§ Work item:
Quote word for word the lines below, beginning with the first and ending with the one that has "Collection Depressed Citizens". Drop the pictures.

§ Supplied information:
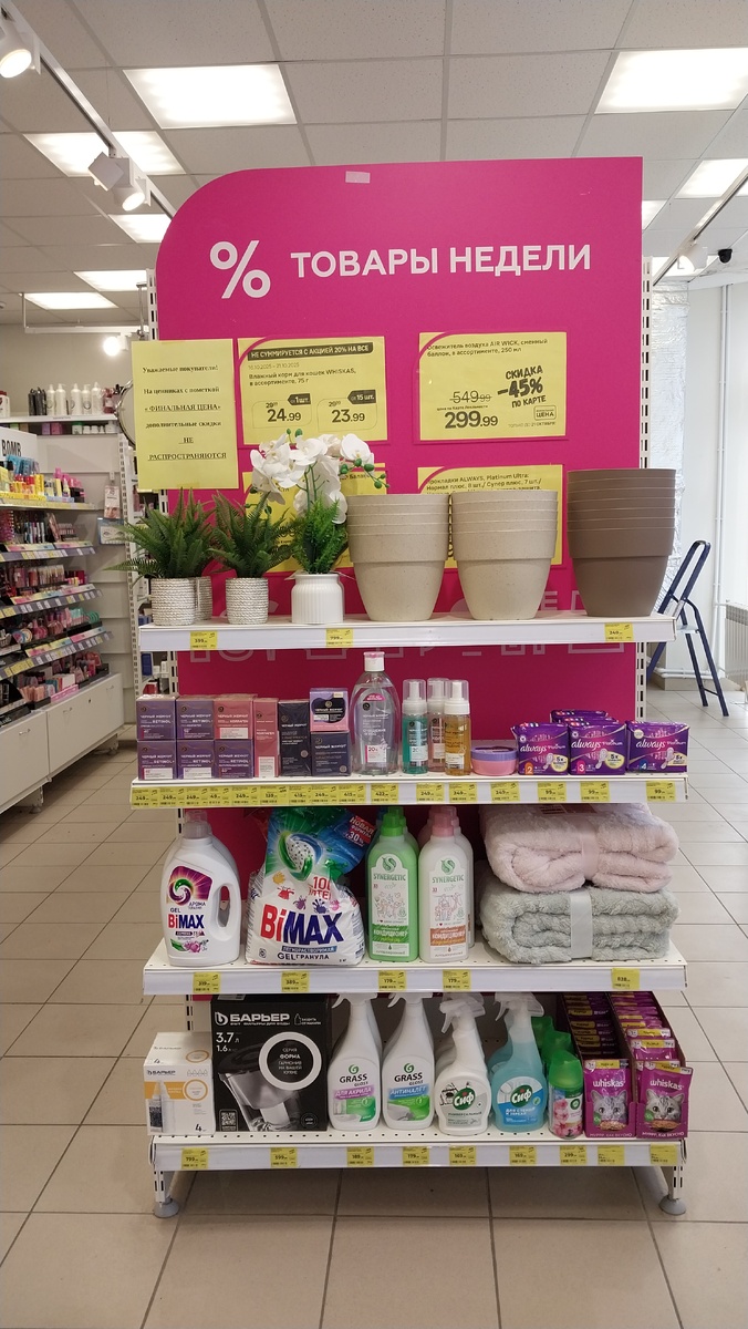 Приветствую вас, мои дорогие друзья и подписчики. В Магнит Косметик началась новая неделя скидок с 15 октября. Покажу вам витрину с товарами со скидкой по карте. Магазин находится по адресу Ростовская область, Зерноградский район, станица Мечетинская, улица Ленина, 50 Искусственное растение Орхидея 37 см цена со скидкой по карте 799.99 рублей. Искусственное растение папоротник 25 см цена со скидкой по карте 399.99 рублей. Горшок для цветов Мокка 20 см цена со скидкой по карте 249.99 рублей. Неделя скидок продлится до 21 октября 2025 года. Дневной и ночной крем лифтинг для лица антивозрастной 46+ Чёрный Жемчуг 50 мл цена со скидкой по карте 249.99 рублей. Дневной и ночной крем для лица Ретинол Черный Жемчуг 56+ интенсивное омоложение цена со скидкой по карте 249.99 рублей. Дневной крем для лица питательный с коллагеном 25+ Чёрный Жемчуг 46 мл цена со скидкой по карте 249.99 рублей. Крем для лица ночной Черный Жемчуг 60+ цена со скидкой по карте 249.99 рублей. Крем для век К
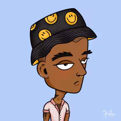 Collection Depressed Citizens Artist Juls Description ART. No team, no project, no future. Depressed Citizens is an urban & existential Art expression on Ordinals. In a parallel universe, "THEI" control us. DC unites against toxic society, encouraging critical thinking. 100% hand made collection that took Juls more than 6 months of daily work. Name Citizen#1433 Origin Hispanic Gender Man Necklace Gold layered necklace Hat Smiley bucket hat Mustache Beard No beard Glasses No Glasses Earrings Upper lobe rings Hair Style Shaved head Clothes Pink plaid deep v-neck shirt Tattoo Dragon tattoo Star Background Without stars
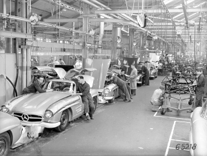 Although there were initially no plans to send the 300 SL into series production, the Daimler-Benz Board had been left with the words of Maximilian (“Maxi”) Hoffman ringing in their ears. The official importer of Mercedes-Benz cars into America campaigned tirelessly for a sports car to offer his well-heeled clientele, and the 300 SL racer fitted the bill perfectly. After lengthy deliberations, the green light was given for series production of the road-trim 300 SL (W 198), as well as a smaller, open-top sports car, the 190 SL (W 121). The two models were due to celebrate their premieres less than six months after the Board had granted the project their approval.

§ Task result:
 Приветствую вас, мои дорогие друзья и подписчики. В Магнит Косметик началась новая неделя скидок с 15 октября. Покажу вам витрину с товарами со скидкой по карте. Магазин находится по адресу Ростовская область, Зерноградский район, станица Мечетинская, улица Ленина, 50 Искусственное растение Орхидея 37 см цена со скидкой по карте 799.99 рублей. Искусственное растение папоротник 25 см цена со скидкой по карте 399.99 рублей. Горшок для цветов Мокка 20 см цена со скидкой по карте 249.99 рублей. Неделя скидок продлится до 21 октября 2025 года. Дневной и ночной крем лифтинг для лица антивозрастной 46+ Чёрный Жемчуг 50 мл цена со скидкой по карте 249.99 рублей. Дневной и ночной крем для лица Ретинол Черный Жемчуг 56+ интенсивное омоложение цена со скидкой по карте 249.99 рублей. Дневной крем для лица питательный с коллагеном 25+ Чёрный Жемчуг 46 мл цена со скидкой по карте 249.99 рублей. Крем для лица ночной Черный Жемчуг 60+ цена со скидкой по карте 249.99 рублей. Крем для век К
 Collection Depressed Citizens Artist Juls Description ART. No team, no project, no future. Depressed Citizens is an urban & existential Art expression on Ordinals. In a parallel universe, "THEI" control us. DC unites against toxic society, encouraging critical thinking. 100% hand made collection that took Juls more than 6 months of daily work. Name Citizen#1433 Origin Hispanic Gender Man Necklace Gold layered necklace Hat Smiley bucket hat Mustache Beard No beard Glasses No Glasses Earrings Upper lobe rings Hair Style Shaved head Clothes Pink plaid deep v-neck shirt Tattoo Dragon tattoo Star Background Without stars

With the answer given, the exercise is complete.